16:30:32 <mmcgrath> #startmeeting
16:30:34 <mmcgrath> abadger1999: ping
16:30:36 <mmcgrath> rishi: ping
16:30:38 <mmcgrath> err
16:30:39 <mmcgrath> ricky: ping
16:30:41 <mmcgrath> rishi: sorry
16:30:43 <abadger1999> yep.
16:30:44 <mmcgrath> lmacken: ping
16:30:46 <ricky> pong
16:30:46 <mmcgrath> spot: ping
16:30:49 <mmcgrath> J5: ping
16:31:09 <J5> pong
16:31:32 * spot is here
16:31:51 * nixdude 1s too
16:32:04 <mmcgrath> I've not seen lmacken today so I'll assume he's not able to make it.
16:32:29 <mmcgrath> So this meeting's just a quick round up of what happened during the fedora community deployment, trying to shake out some communication issues, and hopefully clear up any misunderstandings.
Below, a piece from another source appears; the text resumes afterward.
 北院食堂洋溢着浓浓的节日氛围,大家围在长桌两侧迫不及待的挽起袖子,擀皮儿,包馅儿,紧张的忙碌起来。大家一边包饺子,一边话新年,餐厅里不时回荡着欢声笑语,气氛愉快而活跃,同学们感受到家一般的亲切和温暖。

16:32:36 <mmcgrath> or missed emails or notifications or anything
16:32:52 <mmcgrath> We have a hard stop in 30 minutes when the packaging committee meets and I hope it won't go anywhere near that long.
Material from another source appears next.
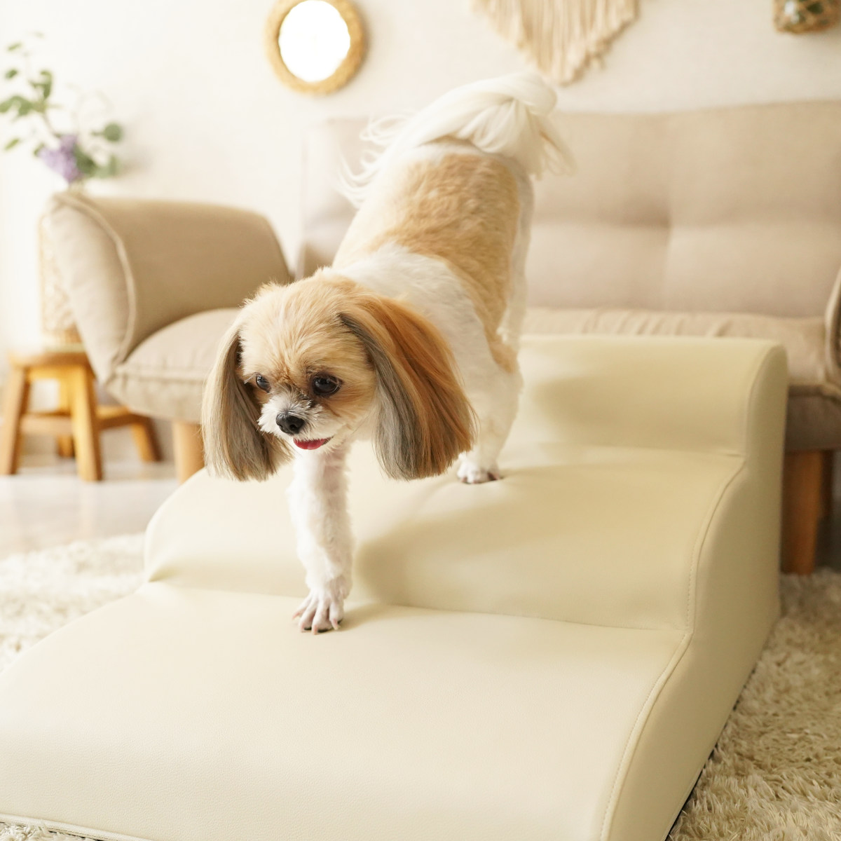 上りやすい坂のような緩やかな階段なので、胴長や小柄なワンちゃんでも上り下りしやすい設計です。

16:33:04 <mmcgrath> There's two main points of contention that I know of
16:33:16 <mmcgrath> 1) deployment times/expectations and 2) is the very late in the game license change.
16:33:24 <mmcgrath> anyone have anything they'd like to add to that?
16:33:48 <abadger1999> General communication is an issue but could be talked about some other time.
16:33:49 <mmcgrath> K, so I'll knock 1) out because I think it's more straight forward then 2)
16:33:53 <mmcgrath> yeah
16:34:08 <mmcgrath> So around the F10 launch, just a day or so before the launch J5 came to me asking for fedora community to be deployed.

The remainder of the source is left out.